The issue of cost and value are frequently seen as synonymous but evidence of

wider considerations is available and there are of course multiple contributors to the

discussion of gaining value in contractor selection by using multi-attribute

techniques such that issues of price become melded with other issues in contractor

selection. (Fellows and Langford 1979, Kashiwagi 1999, Holt, et al 1994). Such

performance based contractor selection requires ‘value’ to be evaluated in a clear,

justifiable and documented way to allow decision makers to move away from

lowest price procurement. It has been long recognised that value and lowest cost do

not go hand in hand.
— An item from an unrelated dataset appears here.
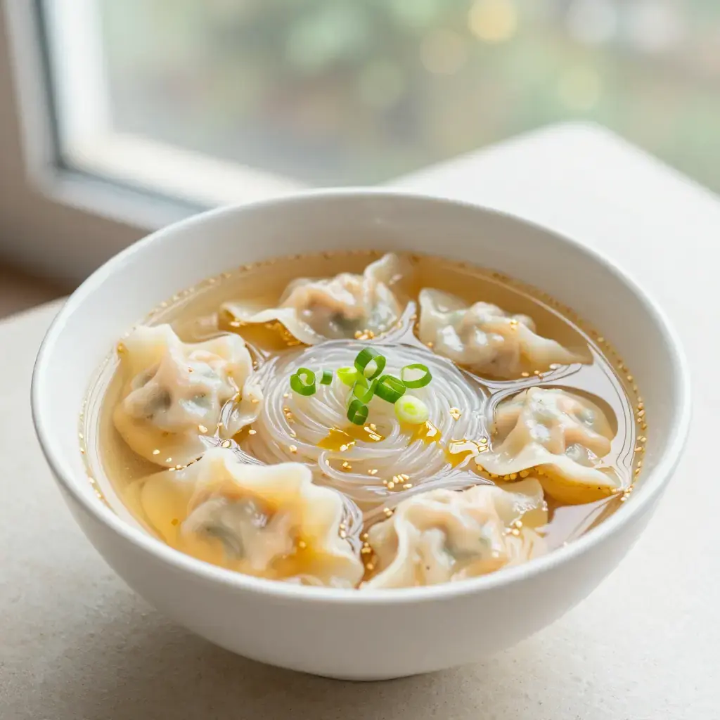 # Bian Rou Bian rou is Fujian's answer to the wonton noodle soup, but its wrapper is strikingly different: sheets of pork skin, pounded until paper-thin, enclose a filling of hand-chopped pork that has been beaten with a mallet until it reaches a springy, paste-like texture. The result is a dumpling that is almost translucent when cooked, with an almost prawn-like snap. Found in breakfast stalls throughout Fuzhou, it is consumed from shallow bowls fragrant with sesame oil and sliced spring onion. Serves: 4 ## Ingredients **For the wrappers:** - 200 g (7 oz) pork loin, sliced paper-thin and pounded flat with a mallet (or substitute thin store-bought wonton wrappers) - 1 tbsp (15 g) tapioca starch **For the filling:** - 350 g (12 oz) pork shoulder, hand-minced or pounded to a coarse paste - 1 tbsp (15 ml) light soy sauce - 1 tsp (5 ml) sesame oil - 1 tsp (5 g) white pepper - 1 tsp (5 g) sugar - 1 tbsp (15 ml) cold water **For the soup:** - 1.2 litres (5 cups) light pork bone stock - 200 g (7 oz) thin rice vermicelli or egg noodles - 2 spring onions, finely sliced - 1 tbsp (15 ml) sesame oil - Salt and white pepper to taste ## Instructions 1. Combine all filling ingredients and beat with chopsticks in one direction for 3 minutes until the mixture becomes slightly sticky and cohesive. 2. If using pork loin wrappers, dust each slice lightly with tapioca starch. Place a teaspoon of filling in the centre of each wrapper, fold over, and press edges firmly to seal into a flat triangular shape. 3. Bring stock to a gentle simmer. Season with salt and white pepper. 4. Cook the noodles in a separate pot of boiling water according to packet directions, about 2–3 minutes. Drain and divide between four bowls. 5. Poach the bian rou in the simmering stock for 3–4 minutes until they float and the pork filling is cooked through. 6. Ladle the hot broth over the noodles and top with the bian rou. Finish with sesame oil and spring onions. **Cook's Notes:** The tradition of pounding pork loin into wrappers is labour-intensive but produces an extraordinary texture — it is worth making for a weekend project. Using commercial wonton wrappers is an acceptable shortcut without sacrificing much flavour.Images

Ruskin (1889) observed “It is unwise to pay too much but it is

worse to pay too little. When you pay too much you lose a little money that is all.

When you pay too little you sometimes lose everything because the thing you

bought is incapable of doing what it was bought to do. If you deal with the lowest

bidders it is well to add something for the risk you run. And if you do that you will

have enough money to pay for something better”.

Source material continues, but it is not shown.